The AutoTokenizer class belongs to a larger set of “auto” classes whose job is to auto‐ matically retrieve the model’s configuration, pretrained weights, or vocabulary from the name of the checkpoint. This allows you to quickly switch between models, but if you wish to load the specific class manually you can do so as well. For example, we could have loaded the DistilBERT tokenizer as follows:

from transformers import DistilBertTokenizer
distilbert_tokenizer = DistilBertTokenizer.from_pretrained(model_ckpt)

Let’s examine how this tokenizer works by feeding it our simple “Tokenizing text is a core task of NLP.” example text:

encoded_text = tokenizer(text)
print(encoded_text)

{'input_ids': [101, 19204, 6026, 3793, 2003, 1037, 4563, 4708, 1997, 17953,
2361, 1012, 102], 'attention_mask': [1, 1, 1, 1, 1, 1, 1, 1, 1, 1, 1, 1, 1]}

Just as with character tokenization, we can see that the words have been mapped to unique integers in the input_ids field. We’ll discuss the role of the attention_mask field in the next section. Now that we have the input_ids, we can convert them back into tokens by using the tokenizer’s convert_ids_to_tokens() method

tokens = tokenizer.convert_ids_to_tokens(encoded_text.input_ids)
print(tokens)

['[CLS]', 'token', '##izing', 'text', 'is', 'a', 'core', 'task', 'of', 'nl',
'##p', '.', '[SEP]']

We can observe three things here. First, some special [CLS] and [SEP] tokens have been added to the start and end of the sequence.These tokens differ from model to model, but their main role is to indicate the start and end of a sequence.

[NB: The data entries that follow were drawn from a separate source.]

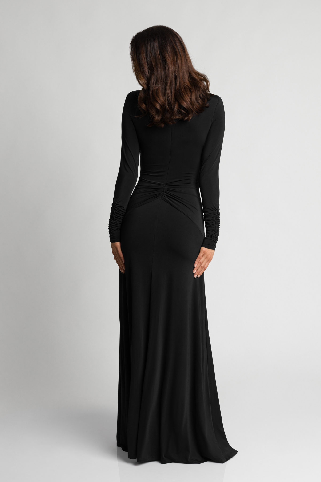- Tył sukienki posiada charakterystyczne marszczenie biegnące od linii talii ku środkowi placów podkreśla kształty, nadając sylwetce smukłości i proporcji
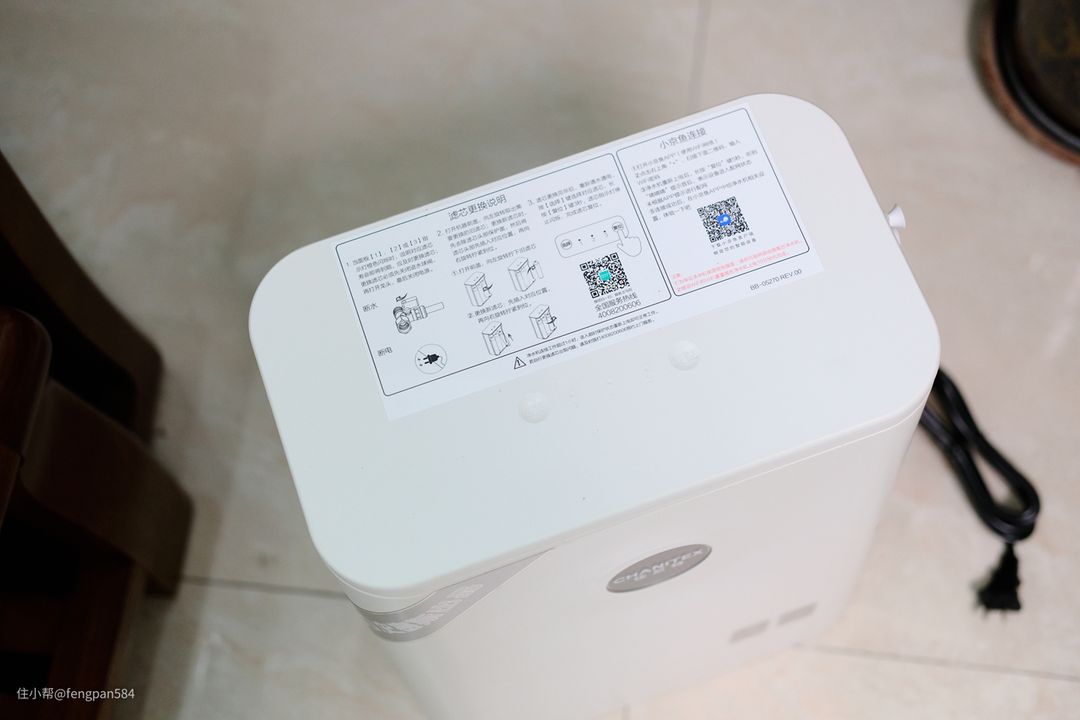 在机身的顶部可以很显眼的看到安装须知和小鲸鱼连接的贴纸提示,在使用几年后跟换滤芯可以参照操作很便利,在机顶部分还设置有三颗LED提示灯,工作时会常亮,在提示灯的两侧还设置有两个触控按键,分别是选择/复位的功能▼
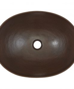 Vessel bathroom sinks are reminiscent of a time before running water. This Vessel Style Solid Copper Bathroom Sink Oval 18 x 14 inch artfully calls back to that time in pure handcrafted copper form. With hassle-free installation and effortless care, a copper sink is designed to fit your lifestyle and be a focal point in your bathroom. With a lifetime warranty, this copper sink is designed to be an affordable above counter vessel solution for any bathroom.
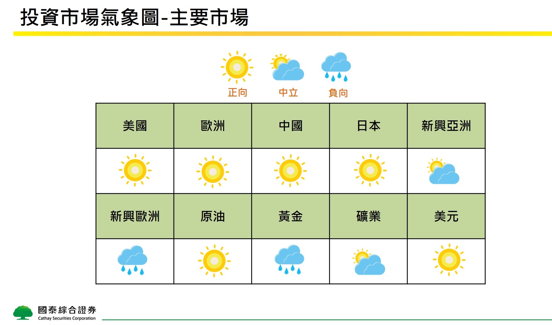 國泰證券進行2022年6月全球主要股市及商品觀察,因疫情逐漸趨緩,歐美等成熟國家市場需求回升、日本市場於後疫情期間外資大量匯入、中國解封後復工預期下半年景氣將好轉,以及美元貨幣持續走強等,故對歐美、中日市場及美元抱持「正向」看法,而新興亞洲因受美元升值導致資金外流,則持較「中立」看法;反之,位於僵持不下的烏俄戰爭熱區的新興歐洲以「保守」看法看待。
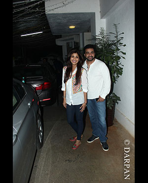 Shilpa Shetty with husband Raj Kundra caught at the screening of Punjabi film 'Chaar Sahibzaade' in Mumbai, Wednesday. Besides them, producer Ramesh Taurani, singers Palak Muchhal, Gurdas Maan and Sukhwinder Singh also attended the screening.
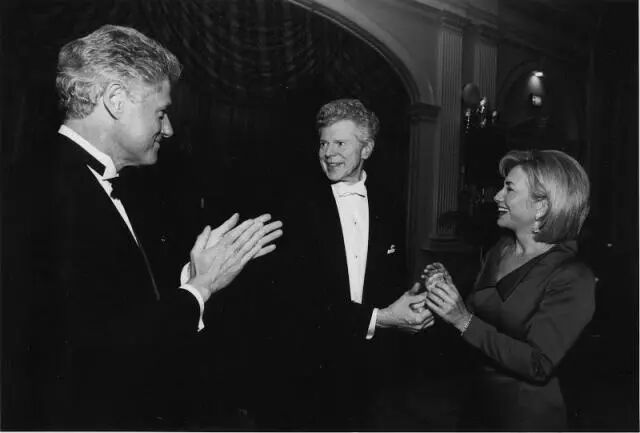 范克莱本与美国总统克林顿、希拉里夫妇亲切交谈

Second, the tokens have each been lowercased, which is a feature of this particular checkpoint.

Finally, we can see that “tokenizing” and “NLP” have been split into two tokens, which makes sense since they are not common words. The ## prefix in ##izing and ##p means that the preceding string is not whitespace; any token with this prefix should be merged with the previous token when you convert the tokens back to a string.

The AutoTokenizer class has a convert_tokens_to_string() method for doing just that, so let’s apply it to our tokens:

print(tokenizer.convert_tokens_to_string(tokens))

[CLS] tokenizing text is a core task of nlp. [SEP]

The AutoTokenizer class also has several attributes that provide information about the tokenizer. For example, we can inspect the vocabulary size:

tokenizer.vocab_size

and the corresponding model’s maximum context size:

tokenizer.model_max_length

In this article, We have explored the significance of tokenization in NLP and implemented it using Python. While it may seem like a straightforward topic at first, delving into the intricacies of each tokenizer model reveals its complexity.

It is recommended to practice with the provided examples and apply them to various text datasets. The more you practice, the deeper your understanding of tokenization will become.